Originally Posted by
summit
Further illustrating the above point, in my area there is well over 200 acres of undeveloped land in various lots, a good chunk of it owned by Vail Resorts, much of it around current employee and workforce housing areas.
We aren't at buildout.
So why do you need density in the few SFH areas, less than 5% of the housing units in my zone, when those are not going to actually make a meaningful impact on the housing situation?
If you want densification, there are tons of condo buildings on large lots where the buildings occupy less area on the lot proportionally than do most SFHs. You could build 1 or 2 more MDUs that would supply more housing than if every SFH built an ADU, and those two complexes would be at a fraction of the cost per unit of the ADUs.

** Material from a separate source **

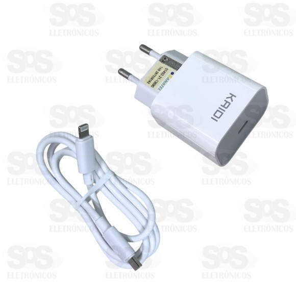 Carregador PD 20W Auto-ID Com Cabo Iphone Kaidi KD-108A

The biggest issue for creating new workforce reserved housing is build cost vs what the workforce can pay. ADUs have the highest cost per unit of any workforce housing option, which is why they have to be STRs to cashflow.
Eagle Water said the issue will be a lack of capacity necessitating hundreds of millions of dollars in plant upgrades. Local government will have NO say of "this area has water capacity so you can do ADUs in this hood, but that hood doesn't have capacity." Not allowed under the legislation.
The legislation forbids "requiring entities to submit a completed and validated water loss audit report to the Colorado water conservation board."